# Check out this gem



## yaacov (Aug 8, 2012)

We were called in to finish the plumbing. Got out the faucet, put it in position and I'm like, huh? Lol


----------



## Redwood (Sep 8, 2008)

Luckily there is plenty of gooseneck to bend...


Sent from my iPhone using Tapatalk


----------



## Tommy plumber (Feb 19, 2010)

I hate when that happens....


----------



## OpenSights (Mar 23, 2015)

But there was a joist in the way!


----------



## Master Mark (Aug 14, 2009)

Whats the big deal?? All you need is 6 foot of radiator hose and an SS steel hose clamp and you are good to go...

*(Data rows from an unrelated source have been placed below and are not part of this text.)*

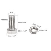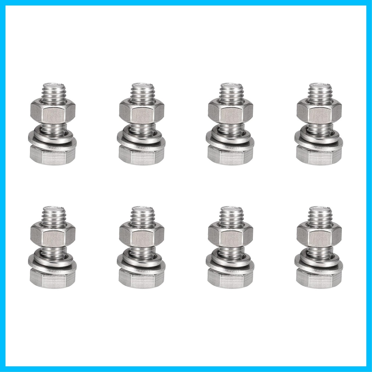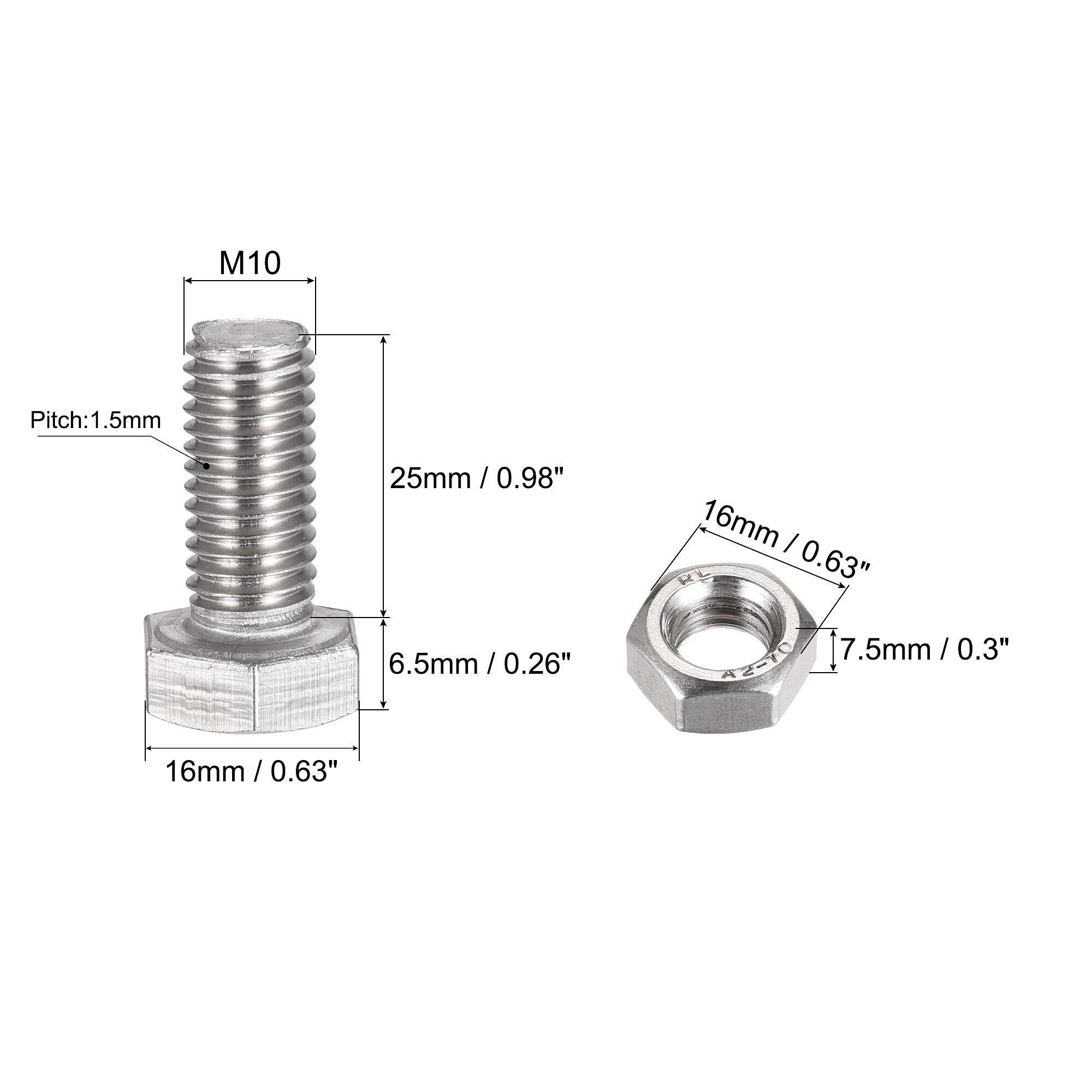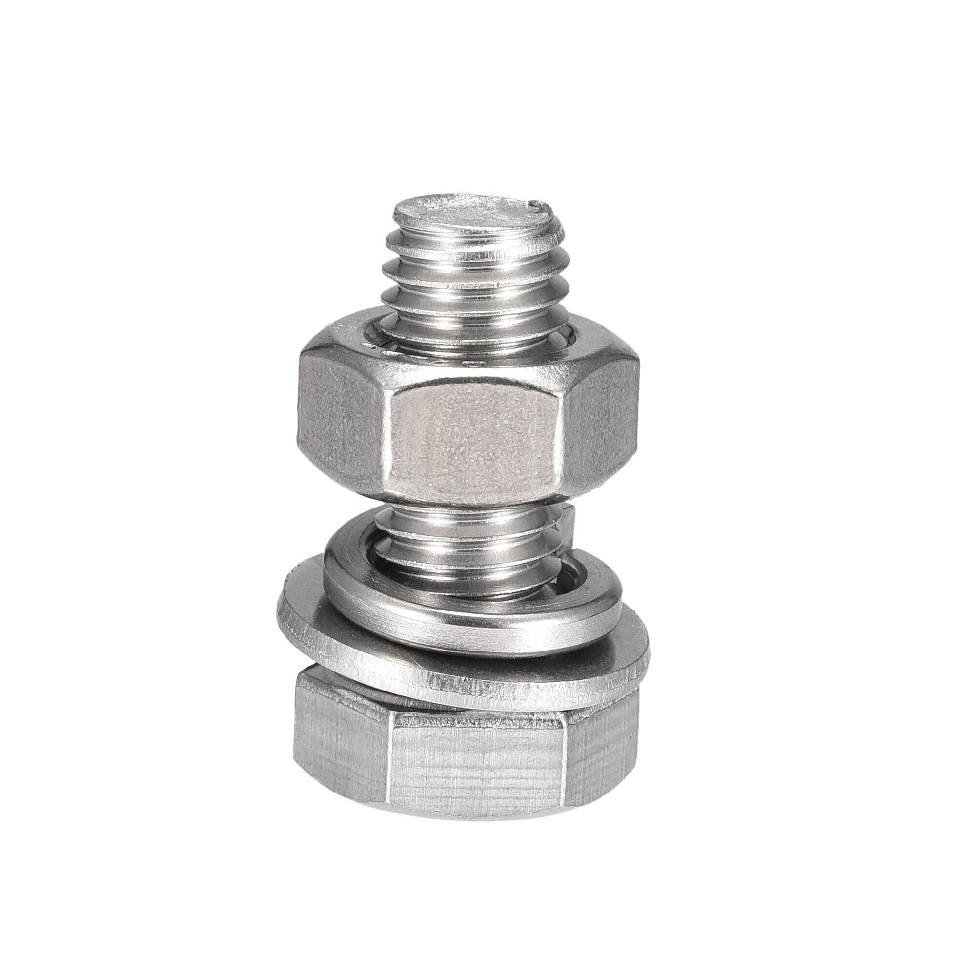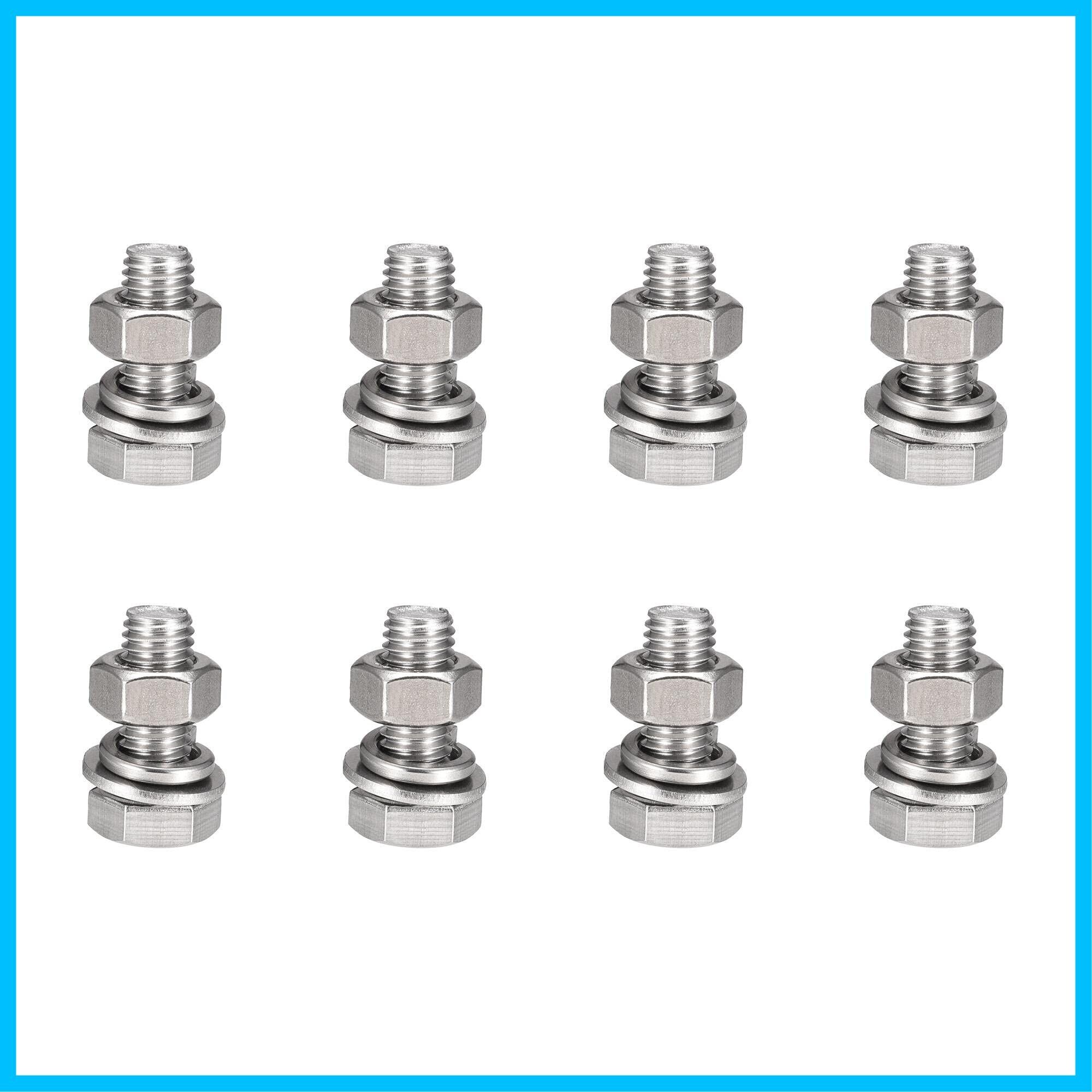 uxcell 六角頭ねじ ボルト、ナット、フラット&ロックワッシャーキット 304ステンレス鋼完全スレッド六角ボルト M10x25 mm 8セット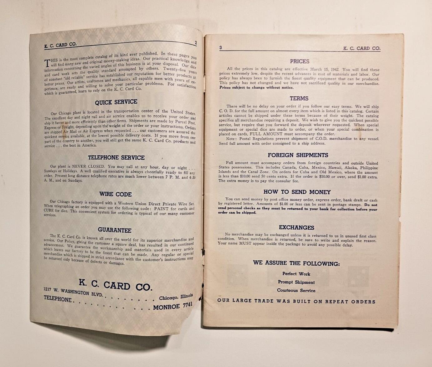Thank you for viewing our listing on: 1942 Blue Book K.C. Card Co. Gambling Supplies Catalogue w/ inserts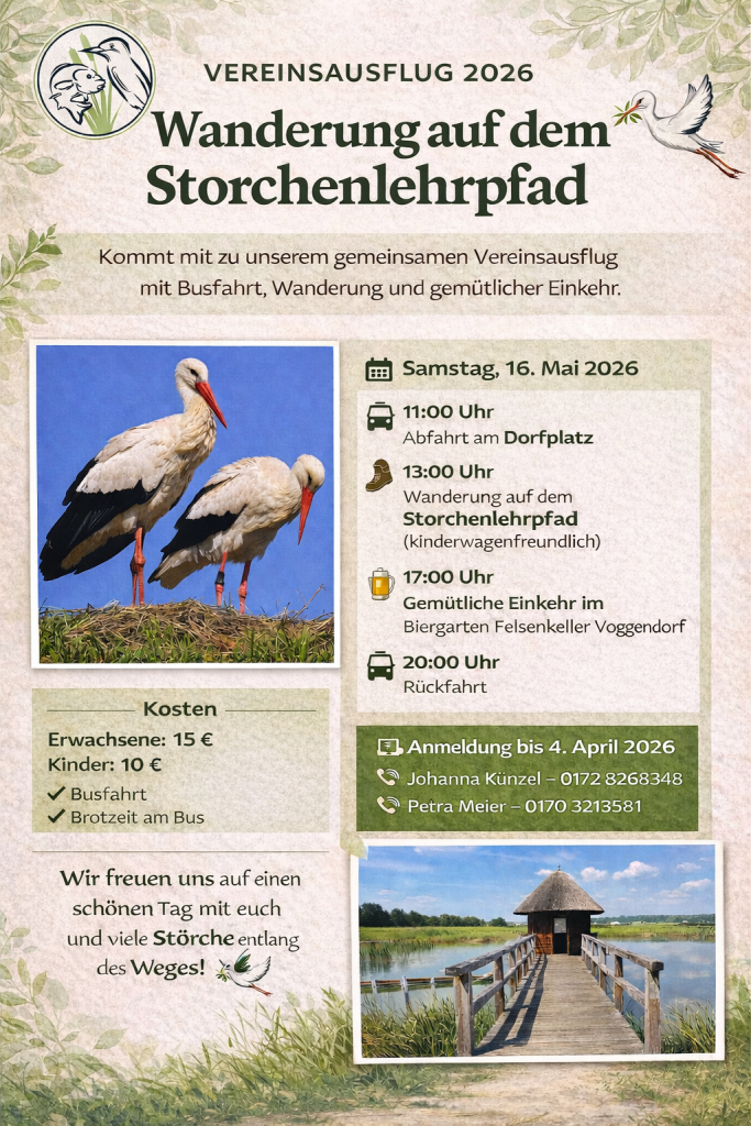 Vereinsausflug Storchenlehrpfad Posted on17. März 202617. März 2026AutorpaechtergemeinschaftHinterlasse einen Kommentar

it would have good pressure to get into all those hard to reach places.......:thumbup::laughing:


----------



## chonkie (Jul 31, 2014)

What's the round thing on the floor?


----------



## Michaelcookplum (May 1, 2011)

What's that green thing in the niche?


----------



## Debo22 (Feb 15, 2015)

Michaelcookplum said:


> What's that green thing in the niche?


The garden hose for the spout, not installed yet


----------



## Cajunhiker (Dec 14, 2009)

Straighten out that goose neck some. When you turn the water on full blast, it will reach the tub.


----------



## yaacov (Aug 8, 2012)

chonkie said:


> What's the round thing on the floor?


If you mean the beige plastic thing its a cheap cover for a cleanot. Don't know why it was there as it wasn't being used there.


----------



## yaacov (Aug 8, 2012)

Michaelcookplum said:


> What's that green thing in the niche?


Electrical conduit. Presumably they are putting in a spot light there?


----------



## yaacov (Aug 8, 2012)

OpenSights said:


> But there was a joist in the way!


I wish they had an excuse like that. No, no joist, the way things work here is between the tile and concrete slab there is 10-15 cm +/- of fill, either sand or aggregate so there was absolutely no reason. Except for lack of professionalism.


----------



## yaacov (Aug 8, 2012)

Here, check out the adjacent shower. Forget the hack who installed it, its beyond me that the supervisor or designer or no one noticed all these messups. It's a disaster.


----------



## plumber11928 (Feb 18, 2015)

This has to be the same guy who installed the tankless heater 20ft up...outside the house


----------



## chonkie (Jul 31, 2014)

Wow that's bad. Have fun fixing all that.


----------



## Toli (Nov 7, 2015)

Buncha hacks. Radiator hose? Bend the spout? Sheesh. All you gotta do is stack a couple washers under the back side so it leans forward. 

Boom. Done.


----------



## chonkie (Jul 31, 2014)

Toli said:


> Buncha hacks. Radiator hose? Bend the spout? Sheesh. All you gotta do is stack a couple washers under the back side so it leans forward.
> 
> Boom. Done.


That would make it match the crooked shower trim. Throw some channel lock marks on it and it'll match the shower neck too.


----------



## Standard Drain (Feb 17, 2016)

I agree, a simple clamp and a radiator hose and your in business.


----------



## Plumbus (Aug 4, 2008)

Ism that a stain on the base of the tub?


----------



## ShtRnsdownhill (Jan 13, 2016)

what did the customer say? or they didnt see it yet?


----------



## yaacov (Aug 8, 2012)

Customer hadn't seen it yet. I pointed it out to the supervisor and have since ripped it out and redone the shower. Haven't dealt with the tub and faucet yet, they don't want to do what I suggest in the meantime....well see.


----------